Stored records

◆ ◆ ◆ ◆

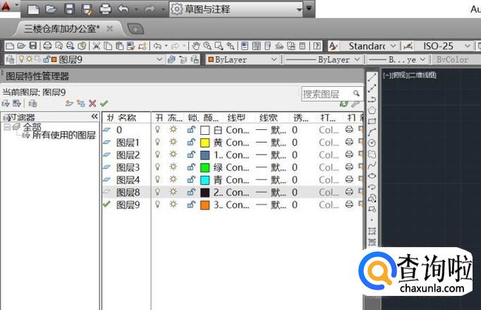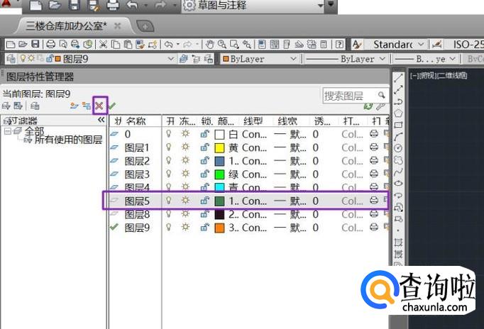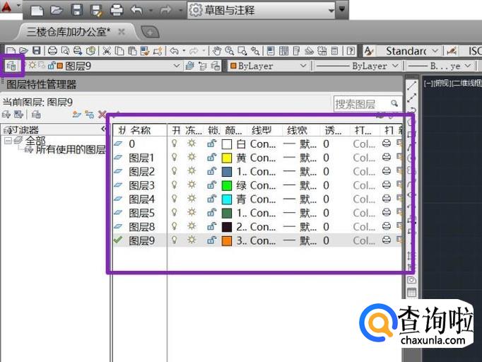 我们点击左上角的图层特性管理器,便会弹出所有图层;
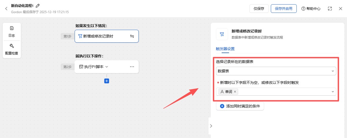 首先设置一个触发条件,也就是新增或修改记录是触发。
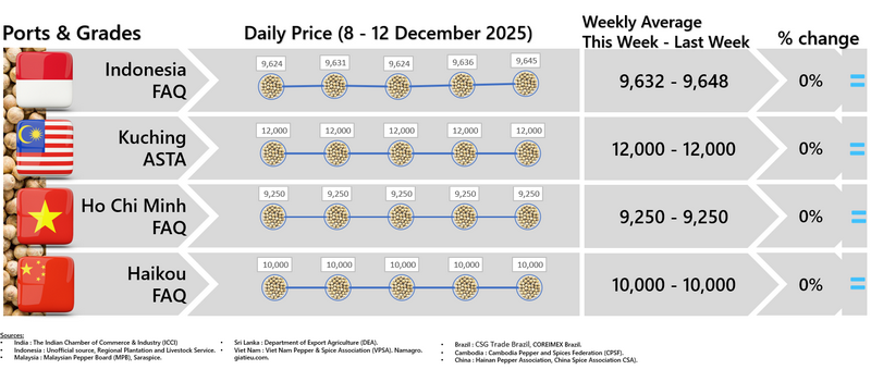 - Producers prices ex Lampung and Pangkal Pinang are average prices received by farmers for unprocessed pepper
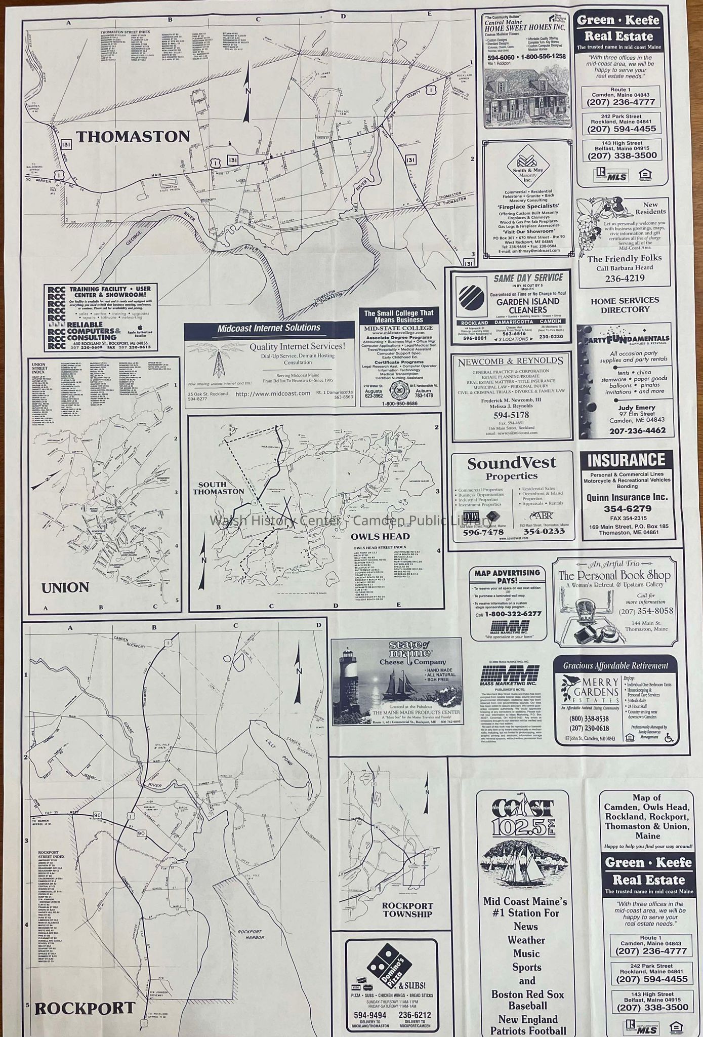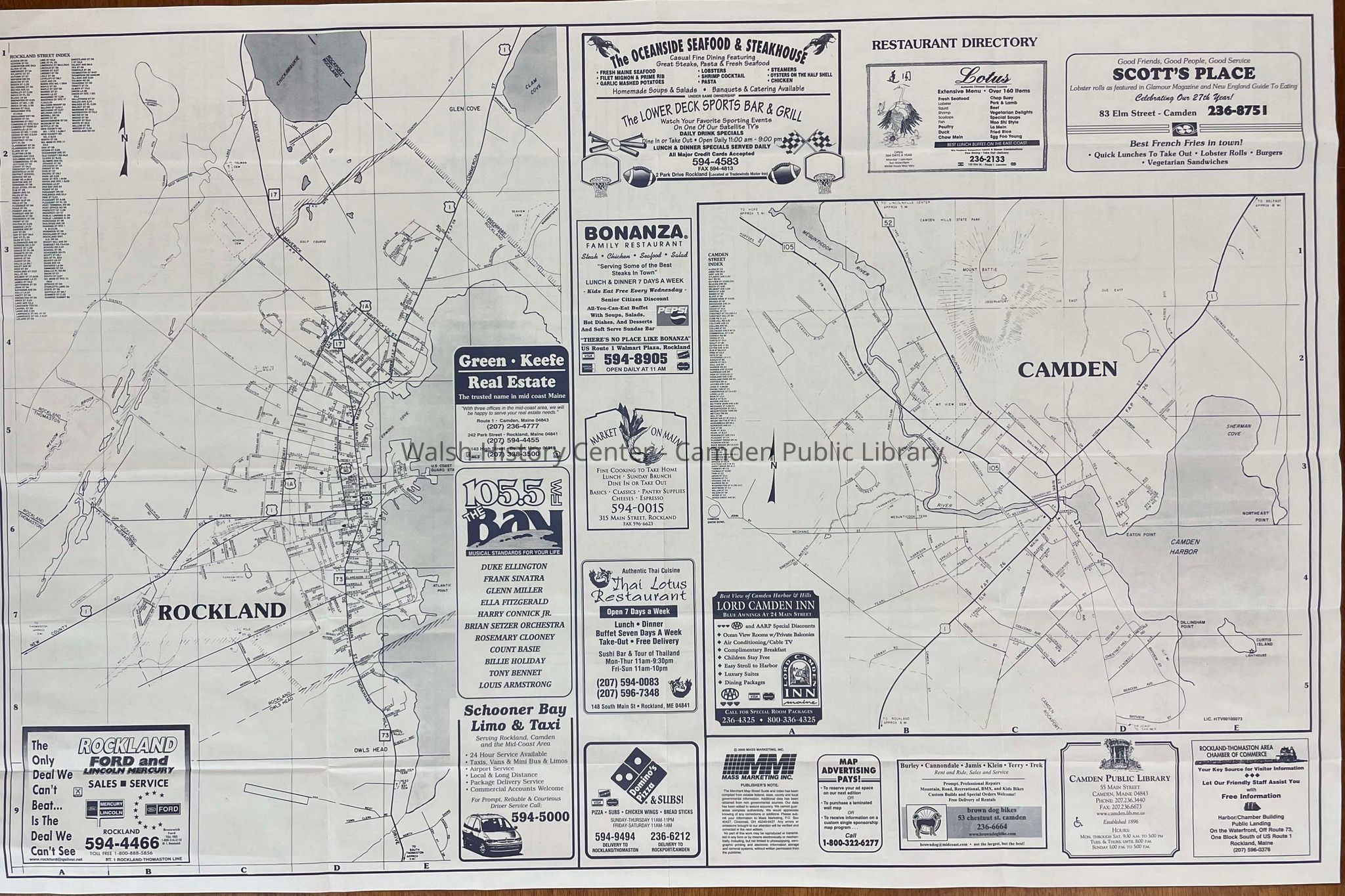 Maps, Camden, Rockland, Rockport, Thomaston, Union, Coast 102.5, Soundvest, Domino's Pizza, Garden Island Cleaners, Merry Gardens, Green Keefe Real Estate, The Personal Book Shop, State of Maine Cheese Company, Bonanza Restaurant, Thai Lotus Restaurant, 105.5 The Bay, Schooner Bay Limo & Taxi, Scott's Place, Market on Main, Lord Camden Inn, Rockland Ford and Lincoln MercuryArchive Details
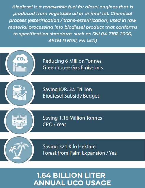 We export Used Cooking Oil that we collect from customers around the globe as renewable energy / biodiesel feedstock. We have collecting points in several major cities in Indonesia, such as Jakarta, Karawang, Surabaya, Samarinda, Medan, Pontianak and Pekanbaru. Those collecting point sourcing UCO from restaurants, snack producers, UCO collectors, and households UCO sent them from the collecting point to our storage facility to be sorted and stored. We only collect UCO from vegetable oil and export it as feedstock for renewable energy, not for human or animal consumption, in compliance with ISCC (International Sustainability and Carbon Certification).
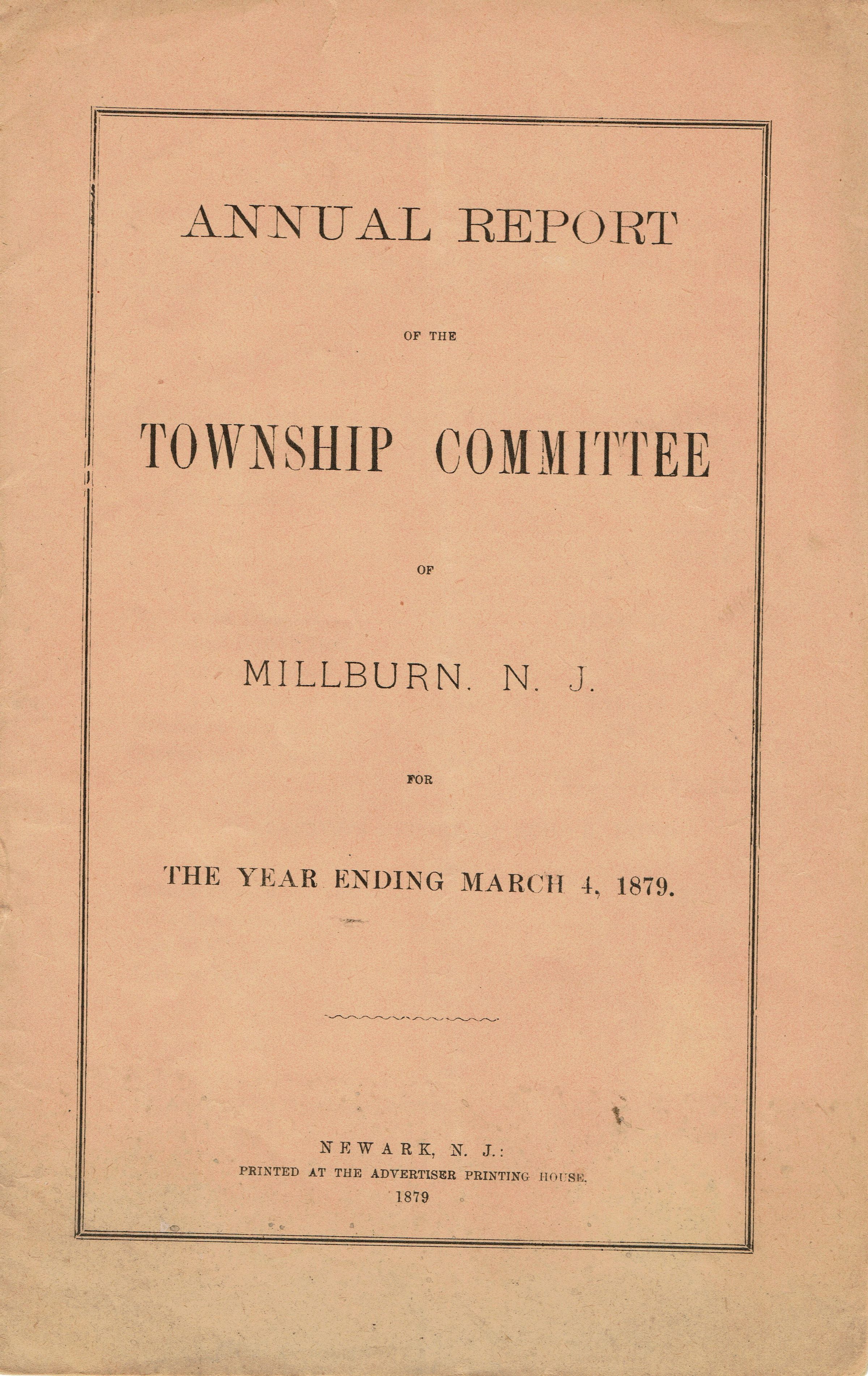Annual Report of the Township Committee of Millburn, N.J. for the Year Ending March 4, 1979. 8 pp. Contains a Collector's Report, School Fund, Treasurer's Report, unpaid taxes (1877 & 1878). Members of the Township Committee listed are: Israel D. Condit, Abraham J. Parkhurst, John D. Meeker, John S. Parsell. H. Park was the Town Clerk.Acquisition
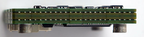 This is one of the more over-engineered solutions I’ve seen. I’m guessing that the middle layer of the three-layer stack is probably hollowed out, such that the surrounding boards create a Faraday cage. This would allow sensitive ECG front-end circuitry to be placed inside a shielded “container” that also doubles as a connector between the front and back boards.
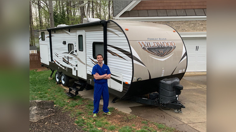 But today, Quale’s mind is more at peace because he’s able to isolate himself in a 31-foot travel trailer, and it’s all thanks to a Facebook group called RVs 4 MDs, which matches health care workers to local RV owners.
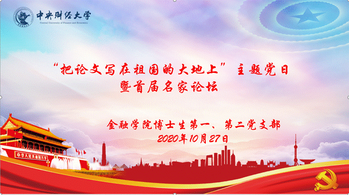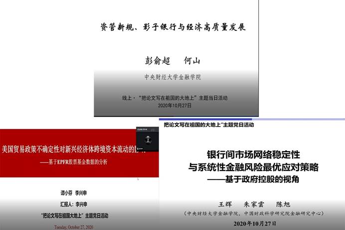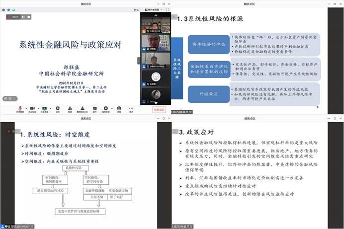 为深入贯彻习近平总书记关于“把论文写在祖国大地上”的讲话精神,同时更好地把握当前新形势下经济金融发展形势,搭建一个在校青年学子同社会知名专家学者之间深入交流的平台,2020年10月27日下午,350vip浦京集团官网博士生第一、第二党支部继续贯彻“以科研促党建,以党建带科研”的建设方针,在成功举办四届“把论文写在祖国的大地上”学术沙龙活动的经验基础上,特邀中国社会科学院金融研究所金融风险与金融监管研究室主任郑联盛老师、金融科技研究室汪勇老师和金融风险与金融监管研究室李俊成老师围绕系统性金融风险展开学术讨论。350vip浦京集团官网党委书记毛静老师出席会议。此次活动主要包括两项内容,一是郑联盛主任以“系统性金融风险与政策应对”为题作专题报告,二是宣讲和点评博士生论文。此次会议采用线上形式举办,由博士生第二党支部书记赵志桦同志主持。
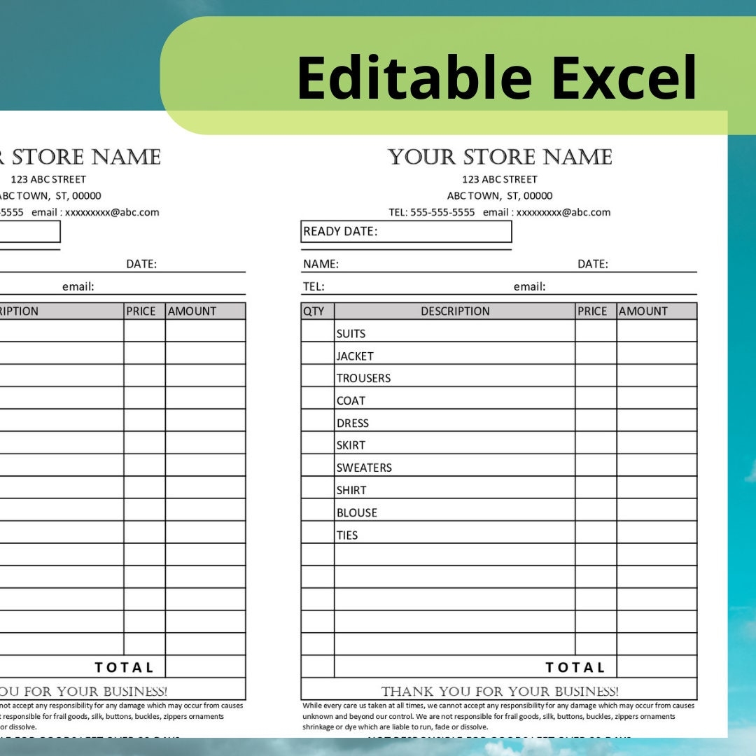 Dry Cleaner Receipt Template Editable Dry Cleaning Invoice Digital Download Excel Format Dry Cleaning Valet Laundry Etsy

◆ ◆ ◆ ◆

### Aim of the exercise
Transcribe the entries above word for word, but leave every picture out of your copy.

### Solved exercise
 我们点击左上角的图层特性管理器,便会弹出所有图层;
 首先设置一个触发条件,也就是新增或修改记录是触发。
 - Producers prices ex Lampung and Pangkal Pinang are average prices received by farmers for unprocessed pepper
 Maps, Camden, Rockland, Rockport, Thomaston, Union, Coast 102.5, Soundvest, Domino's Pizza, Garden Island Cleaners, Merry Gardens, Green Keefe Real Estate, The Personal Book Shop, State of Maine Cheese Company, Bonanza Restaurant, Thai Lotus Restaurant, 105.5 The Bay, Schooner Bay Limo & Taxi, Scott's Place, Market on Main, Lord Camden Inn, Rockland Ford and Lincoln MercuryArchive Details
 We export Used Cooking Oil that we collect from customers around the globe as renewable energy / biodiesel feedstock. We have collecting points in several major cities in Indonesia, such as Jakarta, Karawang, Surabaya, Samarinda, Medan, Pontianak and Pekanbaru. Those collecting point sourcing UCO from restaurants, snack producers, UCO collectors, and households UCO sent them from the collecting point to our storage facility to be sorted and stored. We only collect UCO from vegetable oil and export it as feedstock for renewable energy, not for human or animal consumption, in compliance with ISCC (International Sustainability and Carbon Certification).
Annual Report of the Township Committee of Millburn, N.J. for the Year Ending March 4, 1979. 8 pp. Contains a Collector's Report, School Fund, Treasurer's Report, unpaid taxes (1877 & 1878). Members of the Township Committee listed are: Israel D. Condit, Abraham J. Parkhurst, John D. Meeker, John S. Parsell. H. Park was the Town Clerk.Acquisition
 This is one of the more over-engineered solutions I’ve seen. I’m guessing that the middle layer of the three-layer stack is probably hollowed out, such that the surrounding boards create a Faraday cage. This would allow sensitive ECG front-end circuitry to be placed inside a shielded “container” that also doubles as a connector between the front and back boards.
 But today, Quale’s mind is more at peace because he’s able to isolate himself in a 31-foot travel trailer, and it’s all thanks to a Facebook group called RVs 4 MDs, which matches health care workers to local RV owners.
 为深入贯彻习近平总书记关于“把论文写在祖国大地上”的讲话精神,同时更好地把握当前新形势下经济金融发展形势,搭建一个在校青年学子同社会知名专家学者之间深入交流的平台,2020年10月27日下午,350vip浦京集团官网博士生第一、第二党支部继续贯彻“以科研促党建,以党建带科研”的建设方针,在成功举办四届“把论文写在祖国的大地上”学术沙龙活动的经验基础上,特邀中国社会科学院金融研究所金融风险与金融监管研究室主任郑联盛老师、金融科技研究室汪勇老师和金融风险与金融监管研究室李俊成老师围绕系统性金融风险展开学术讨论。350vip浦京集团官网党委书记毛静老师出席会议。此次活动主要包括两项内容,一是郑联盛主任以“系统性金融风险与政策应对”为题作专题报告,二是宣讲和点评博士生论文。此次会议采用线上形式举办,由博士生第二党支部书记赵志桦同志主持。
 Dry Cleaner Receipt Template Editable Dry Cleaning Invoice Digital Download Excel Format Dry Cleaning Valet Laundry Etsy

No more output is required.